The European Commission has adopted a new regulation requiring oil and gas producers to contribute to developing large-scale carbon dioxide (CO2) storage infrastructure across the European Union
These new regulations are part of the EU’s bigger Industrial Carbon Management Strategy and Clean Industrial Deal, aimed at achieving climate neutrality by 2050.
EU targets 50 million tonnes of CO2 storage by 2030
The regulation, formally adopted this week, establishes how oil and gas companies will be identified and how their contributions will be calculated.
The Commission followed up by publishing a decision outlining how much each company must contribute to a collective EU target: 50 million tonnes of annual CO2 injection capacity into geological storage sites by the end of 2030.

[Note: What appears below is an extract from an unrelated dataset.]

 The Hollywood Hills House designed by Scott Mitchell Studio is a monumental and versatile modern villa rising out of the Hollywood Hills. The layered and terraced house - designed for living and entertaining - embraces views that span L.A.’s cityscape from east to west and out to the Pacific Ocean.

This target, set under the recently adopted Net-Zero Industry Act, aims to accelerate the deployment of carbon capture and storage (CCS) technologies, especially for sectors that are difficult to decarbonise, such as cement, steel, and chemicals.

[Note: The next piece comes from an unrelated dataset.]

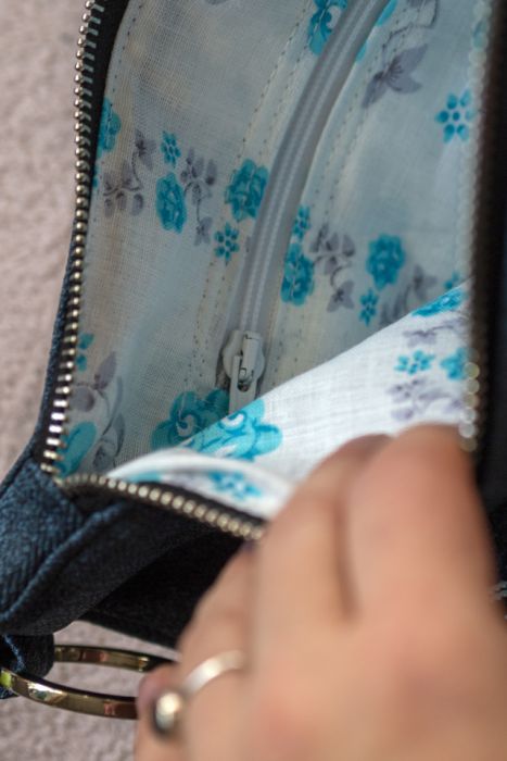 Małe zaszewki na dnie. Z tyłu oraz w środku torebki kieszonki zapinane na suwak. Środek wykończony białą bawełnianą podszewką.

Assigned storage responsibilities
A total of 44 oil and gas companies have been listed in the Commission’s decision. These companies must develop operational, geological CO2 storage sites permitted under the EU’s CCS Directive.
Their obligations are based on their share of the EU’s crude oil and natural gas production from 2020 to 2023. As detailed in a separate annexe, companies with smaller production volumes have been exempted.

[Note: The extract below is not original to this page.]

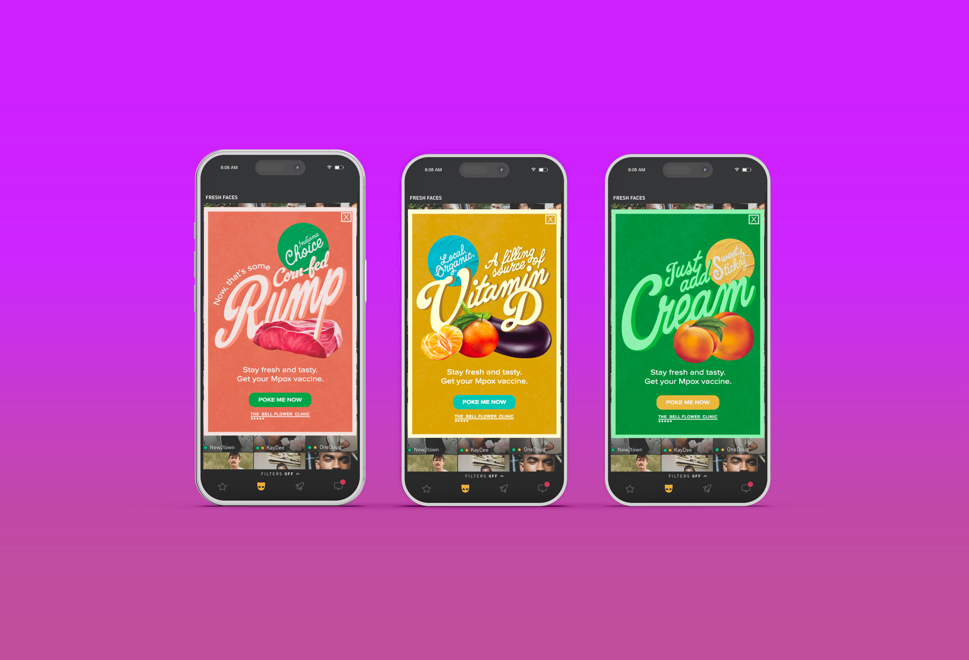 Our research revealed there was a bit of a stigma in the LGBTQ+ community around Mpox with a connection to “being unclean.” Also, the lesions can be highly visible on the face which made the infected person feel embarrassed in social and workplace situations. It was this insight that led us to the campaign theme of “Stay Fresh and Tasty.”

The Commission’s new rules give the obligated companies until 31 December 2030 to establish the required CO2 injection capacity.
The Commission recognises each approved storage project as a Net-Zero Strategic Project to support implementation. This designation brings faster permitting and the possibility of financial support, including from the EU’s Innovation Fund, which is funded through revenues from the Emissions Trading System (ETS).
Oil and gas producers will not be required to build the storage capacity alone. They can invest in projects individually or collaborate with others, including third-party developers and financial investors. This flexibility is expected to spur partnerships and increase the pace of CCS development.
Mandatory plans due by mid-2025
Under the regulation, all obligated entities must submit detailed plans to the Commission by 30 June 2025. These plans must outline how each company will achieve its assigned share of the CO2 storage target. The plans must also set out key milestones and the technical or financial strategies that will be used to deliver results.
The delegated regulation adopted by the Commission will now undergo a two-month scrutiny period by the European Parliament and Council. If no objections are raised, it will enter into force at the end of July 2025, together with the finalised Commission decision assigning individual company obligations.
This initiative is an essential element of the EU’s climate policy, designed to make heavy industry part of the solution to greenhouse gas emissions. By requiring oil and gas companies to provide CO2 storage infrastructure, the EU is tying climate responsibility to historical fossil fuel production while enabling the growth of a new industrial sector that supports net-zero goals.